Cuban history has been sustained by ethics. Without ethics as an integral part and an actor in our revolutionary ideology, the Cuban nation may have been subjected to and ultimately annihilated by colonial and neocolonial corruption. So it does not seem excessive to remember that the transformations that will take place in the Cuban economy, and in other spheres of society, are oriented towards general improvement. And that no process of collective improvement can dispense with the ethical vocation of our history. Which is to say, the aspiration to a perfecting utopia whose concretion in justice and [national] independence has defied storms, privations and armed hostilities.
We have to see, it follows, how improving society implies a power of conscience, a "taking part" that would correct the perceptions that may have become deformed in the subjectivity of many of us. Let's address them ethically from within. And then we'll begin to accept that it would be an ignoble attitude to believe that very little depends on me, or that I'll have to continue "struggling" with the tricks of an apparent participation, chameleon-like, feeding the roguishness that would turn me into a leech or a nuisance to my compatriots.

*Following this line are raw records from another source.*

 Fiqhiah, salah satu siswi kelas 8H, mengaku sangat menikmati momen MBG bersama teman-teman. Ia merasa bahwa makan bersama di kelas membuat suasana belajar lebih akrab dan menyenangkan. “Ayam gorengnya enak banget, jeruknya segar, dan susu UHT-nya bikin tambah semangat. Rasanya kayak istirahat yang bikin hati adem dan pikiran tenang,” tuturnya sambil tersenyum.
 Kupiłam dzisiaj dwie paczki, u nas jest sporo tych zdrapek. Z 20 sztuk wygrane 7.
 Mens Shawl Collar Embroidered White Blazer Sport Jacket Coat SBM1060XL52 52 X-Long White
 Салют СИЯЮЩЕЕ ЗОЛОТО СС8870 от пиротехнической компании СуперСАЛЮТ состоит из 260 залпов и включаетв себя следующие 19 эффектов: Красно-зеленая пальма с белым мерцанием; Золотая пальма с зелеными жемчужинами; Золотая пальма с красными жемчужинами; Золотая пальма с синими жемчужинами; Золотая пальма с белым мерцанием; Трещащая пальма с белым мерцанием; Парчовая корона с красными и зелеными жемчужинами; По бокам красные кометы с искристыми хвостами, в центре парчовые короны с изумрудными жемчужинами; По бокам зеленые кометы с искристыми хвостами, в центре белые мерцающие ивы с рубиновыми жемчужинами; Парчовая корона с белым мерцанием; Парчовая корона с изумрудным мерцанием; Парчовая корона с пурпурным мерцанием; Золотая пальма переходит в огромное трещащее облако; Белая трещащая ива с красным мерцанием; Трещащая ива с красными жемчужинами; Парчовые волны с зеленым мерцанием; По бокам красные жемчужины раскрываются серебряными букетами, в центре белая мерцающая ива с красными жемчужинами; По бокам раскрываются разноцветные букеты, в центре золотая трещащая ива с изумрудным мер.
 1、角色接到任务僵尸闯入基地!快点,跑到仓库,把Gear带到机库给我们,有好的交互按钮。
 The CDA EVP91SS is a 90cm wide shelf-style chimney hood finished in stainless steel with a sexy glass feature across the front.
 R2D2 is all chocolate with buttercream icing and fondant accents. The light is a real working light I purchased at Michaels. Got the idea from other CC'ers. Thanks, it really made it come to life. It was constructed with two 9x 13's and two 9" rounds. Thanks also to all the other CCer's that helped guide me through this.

Much, if not all, will depend on each and every one of us. And the sum of individual action, the utilisation that every subject makes of the opportunities open to them, will also influence in the general sense the updating of our society. Updating, that is to say, in the direction of more justice, because the reinforcing of the sides of a strong centre will be more participatory and more effective, though not unipolar. For now, I don't know anything that would convert the complaints and the necessities into deeds and solutions other than conscious participation — and this, transcribed from the dictionary of actions — into an approach in which everyone takes responsibility for themselves and for the country.
All rather vacuous. Is anyone going to discuss concretely what the proposed changes are?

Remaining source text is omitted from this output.